TASK TO CARRY OUT » For the records below, print the lines from the line with "de la Culture" through the line with "東豊田小学校 校舎外壁の状況" exactly as written; include both end lines and exclude the rest.
┏━━
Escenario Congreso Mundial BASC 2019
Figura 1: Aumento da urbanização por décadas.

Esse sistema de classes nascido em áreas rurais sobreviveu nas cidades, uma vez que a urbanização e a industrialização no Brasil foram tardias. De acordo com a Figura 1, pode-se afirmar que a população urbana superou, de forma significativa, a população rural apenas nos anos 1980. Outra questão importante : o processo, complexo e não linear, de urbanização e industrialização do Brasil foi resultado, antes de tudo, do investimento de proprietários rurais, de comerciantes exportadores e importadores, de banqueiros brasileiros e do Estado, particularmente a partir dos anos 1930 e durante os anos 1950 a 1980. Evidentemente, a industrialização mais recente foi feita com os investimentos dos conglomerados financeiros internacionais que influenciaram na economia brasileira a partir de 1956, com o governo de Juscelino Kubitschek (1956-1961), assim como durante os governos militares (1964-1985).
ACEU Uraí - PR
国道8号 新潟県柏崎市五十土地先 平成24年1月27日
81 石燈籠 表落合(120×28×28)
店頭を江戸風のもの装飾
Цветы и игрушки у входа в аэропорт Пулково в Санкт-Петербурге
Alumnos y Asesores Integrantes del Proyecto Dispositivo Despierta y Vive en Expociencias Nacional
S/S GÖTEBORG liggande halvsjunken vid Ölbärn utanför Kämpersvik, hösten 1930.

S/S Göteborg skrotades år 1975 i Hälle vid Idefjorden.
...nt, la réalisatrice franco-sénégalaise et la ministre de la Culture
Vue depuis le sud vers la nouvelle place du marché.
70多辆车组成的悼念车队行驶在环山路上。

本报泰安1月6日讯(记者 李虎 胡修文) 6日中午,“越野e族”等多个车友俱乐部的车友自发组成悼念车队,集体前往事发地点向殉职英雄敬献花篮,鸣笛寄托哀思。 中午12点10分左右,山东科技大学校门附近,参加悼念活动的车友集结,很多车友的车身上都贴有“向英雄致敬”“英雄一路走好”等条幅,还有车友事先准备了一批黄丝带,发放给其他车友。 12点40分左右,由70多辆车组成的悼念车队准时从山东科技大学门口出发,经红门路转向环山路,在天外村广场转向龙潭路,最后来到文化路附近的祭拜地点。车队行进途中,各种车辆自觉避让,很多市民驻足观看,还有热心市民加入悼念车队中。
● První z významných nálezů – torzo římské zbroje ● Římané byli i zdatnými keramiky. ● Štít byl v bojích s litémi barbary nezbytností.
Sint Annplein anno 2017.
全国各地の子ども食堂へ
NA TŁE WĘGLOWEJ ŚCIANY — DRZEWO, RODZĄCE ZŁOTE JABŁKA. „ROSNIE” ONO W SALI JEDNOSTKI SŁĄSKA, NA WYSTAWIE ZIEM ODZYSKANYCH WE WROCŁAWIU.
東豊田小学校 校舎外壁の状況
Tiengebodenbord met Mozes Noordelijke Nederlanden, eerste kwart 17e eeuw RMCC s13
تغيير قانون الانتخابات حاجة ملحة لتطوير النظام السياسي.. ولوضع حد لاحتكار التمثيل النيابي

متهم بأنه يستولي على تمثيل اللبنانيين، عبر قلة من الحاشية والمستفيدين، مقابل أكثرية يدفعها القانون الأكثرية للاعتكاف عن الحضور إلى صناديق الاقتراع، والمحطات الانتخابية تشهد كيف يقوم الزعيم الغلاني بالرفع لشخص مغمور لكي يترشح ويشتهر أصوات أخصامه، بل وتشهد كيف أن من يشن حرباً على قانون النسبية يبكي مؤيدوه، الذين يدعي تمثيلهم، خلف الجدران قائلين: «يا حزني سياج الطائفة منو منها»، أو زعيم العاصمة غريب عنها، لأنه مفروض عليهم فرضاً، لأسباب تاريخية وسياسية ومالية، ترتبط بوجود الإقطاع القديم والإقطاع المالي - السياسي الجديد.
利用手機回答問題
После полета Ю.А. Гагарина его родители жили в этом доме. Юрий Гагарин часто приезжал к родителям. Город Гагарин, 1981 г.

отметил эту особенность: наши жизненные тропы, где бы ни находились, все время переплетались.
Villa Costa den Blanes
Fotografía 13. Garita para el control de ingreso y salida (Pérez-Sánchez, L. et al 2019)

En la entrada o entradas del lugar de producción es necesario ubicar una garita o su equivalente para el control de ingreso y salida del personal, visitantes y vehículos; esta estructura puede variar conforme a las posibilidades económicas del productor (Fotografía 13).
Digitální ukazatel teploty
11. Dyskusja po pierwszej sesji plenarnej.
┗━━
RESPONSE TO THIS EXERCISE »
...nt, la réalisatrice franco-sénégalaise et la ministre de la Culture
Vue depuis le sud vers la nouvelle place du marché.
70多辆车组成的悼念车队行驶在环山路上。

本报泰安1月6日讯(记者 李虎 胡修文) 6日中午,“越野e族”等多个车友俱乐部的车友自发组成悼念车队,集体前往事发地点向殉职英雄敬献花篮,鸣笛寄托哀思。 中午12点10分左右,山东科技大学校门附近,参加悼念活动的车友集结,很多车友的车身上都贴有“向英雄致敬”“英雄一路走好”等条幅,还有车友事先准备了一批黄丝带,发放给其他车友。 12点40分左右,由70多辆车组成的悼念车队准时从山东科技大学门口出发,经红门路转向环山路,在天外村广场转向龙潭路,最后来到文化路附近的祭拜地点。车队行进途中,各种车辆自觉避让,很多市民驻足观看,还有热心市民加入悼念车队中。
● První z významných nálezů – torzo římské zbroje ● Římané byli i zdatnými keramiky. ● Štít byl v bojích s litémi barbary nezbytností.
Sint Annplein anno 2017.
全国各地の子ども食堂へ
NA TŁE WĘGLOWEJ ŚCIANY — DRZEWO, RODZĄCE ZŁOTE JABŁKA. „ROSNIE” ONO W SALI JEDNOSTKI SŁĄSKA, NA WYSTAWIE ZIEM ODZYSKANYCH WE WROCŁAWIU.
東豊田小学校 校舎外壁の状況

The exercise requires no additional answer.